* **Provided material**
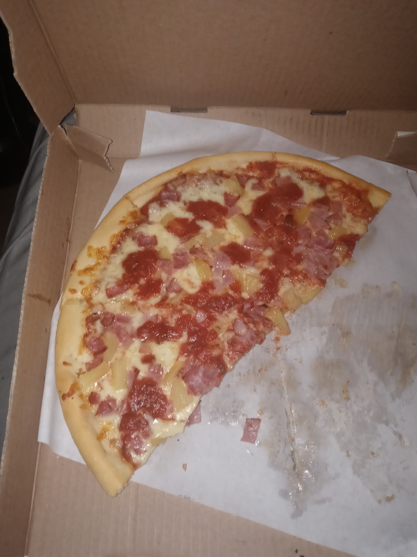 Ordered two large pizzas (sunday night) which were pretty mediocre, crust was too thick, no sauce, and the cheese tasted cheap didn't melt like you'd expect, edible but nothing great around the same ballpark as a frozen pizza. The pizza was cheap though and came on time, so you get what you pay for right? I wouldn't be writing this if I hadn't found a large piece of plastic in my slice and it had been taken care of properly.
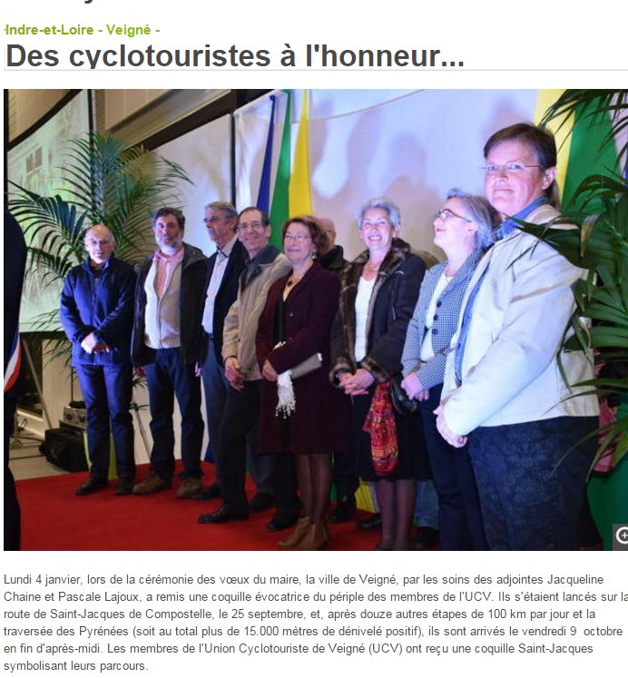 11 licenciés de l'U C V sont partir pour Saint Jacques-de-Compostelle soit 1450 km à vélo du 24 septembre au 11 octobre. Suivez leur étapes les sur le blog : http://ucv-compostelle.blogspot.fr/
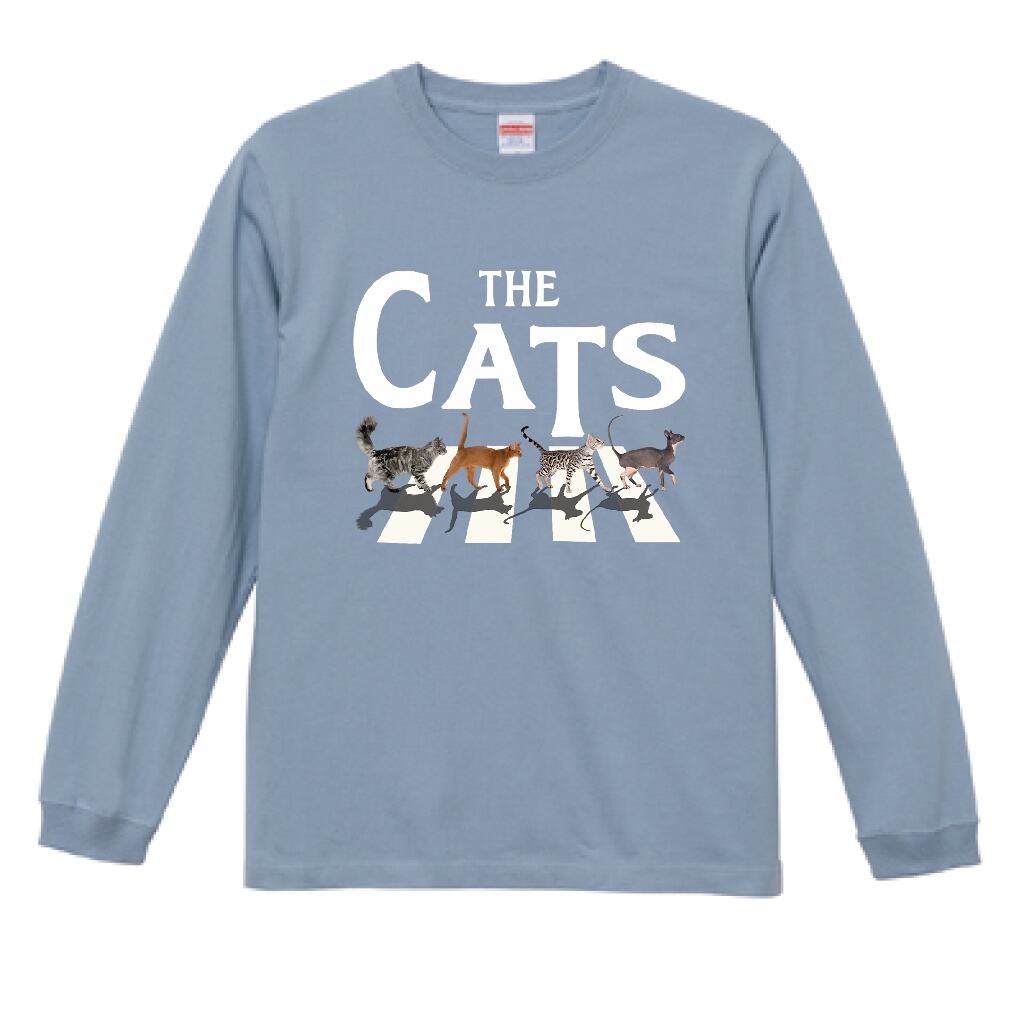 横断歩道風 猫アート グッズ|猫好き必見 THE CATS デザイン|猫 イラスト 長袖Tシャツ・雑貨|猫好き ポップアート|アシッドブルー

* **What you need to do**
Please set down, word for word, the lines starting at the line that holds "11 licenciés de" and running to the end of the listing, with no pictures.

* **Answer to this problem**
 11 licenciés de l'U C V sont partir pour Saint Jacques-de-Compostelle soit 1450 km à vélo du 24 septembre au 11 octobre. Suivez leur étapes les sur le blog : http://ucv-compostelle.blogspot.fr/
 横断歩道風 猫アート グッズ|猫好き必見 THE CATS デザイン|猫 イラスト 長袖Tシャツ・雑貨|猫好き ポップアート|アシッドブルー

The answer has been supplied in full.